January 25, 2015

The Year of Living Dangerously


The Year of Living Dangerously (1982), directed by Peter Weir and starring Mel Gibson, Sigourney Weaver, and Linda Hunt in her Oscar-winning role, is proof that the 80s were capable of thoughtful movies about something more than eye candy and materialism. The film is a languid romance/political drama set in Jakarta, Indonesia, in 1963 amidst a Communist coup and the political re-alignment of President Sukarno’s regime. Gibson plays Guy Hamilton, an Australian journalist who’s sent to Jakarta as a correspondent and who, with the help of a Chinese-Australian photographer named Billy Kwan (Hunt), accumulates some surprisingly good stories for his frequent radio broadcasts. Billy Kwan, a dwarf, is an idealist who wants more Westerners to take notice of the wretched living conditions of the people in Indonesia. As someone who’s spent his life on the margins of society, Kwan has developed a deep-rooted compassion for the oppressed and the disadvantaged. He thinks Guy can help bring awareness to the plight of people in Jakarta, but Guy is more interested in what a good story can do to advance his career than how he can help bring about lasting social change. He’s also distracted by Jill (Weaver), a woman working for the British embassy. Weir, who along with David Williamson adapted Christopher Koch’s novel, falters somewhat with the romance. It’s never passionate enough, and neither Gibson nor Weaver is given much compelling acting to do together. (But they are both very good, and Gibson--whatever one may feel about him nowadays--proves himself a strong leading man.) 

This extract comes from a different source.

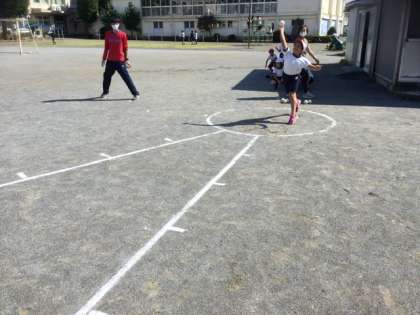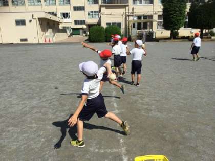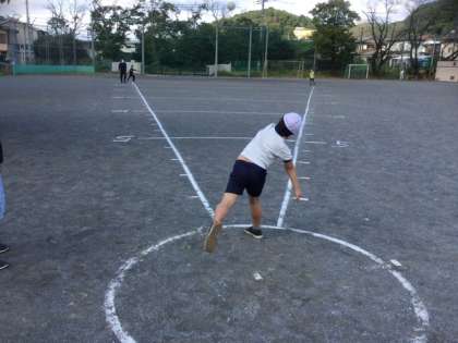 3校時、ソフトボール投げの練習です。

Peter Weir is far more interested in the social message of his film, thus making Linda Hunt’s character Billy the real heart—and conscience—of the movie. But Weir’s film taps into a genuine compassion, rather than a shallow kind of self-serving “awareness." The movie rings true and is very thoughtfully made, so the slightly under-developed (or maybe it's just unsatisfying) romance between the two Westerners actually fits; Weir gives a healthy examination of the Western presence in Asia (just as E.M. Forster did in his effective novel A Passage to India), and in a way, the Hollywood romance aspect of the film deflates the idea that Westerners will come and save Asia from themselves. The film isn’t that far off from Richard Lester’s Cuba, which pitted Sean Connery and Brooke Adams against the competing Castro and Batista regimes during the 1959 revolution in Havana. The Year of Living Dangerously is definitely worth seeing. (And it’s a fabulous title.) With Michael Murphy, Bill Kerr, Noel Ferrier, Bembol Roco, and Paul Sonkkila. The terrific, effective music score is by Maurice Jarre. Filmed mostly in the Philippines.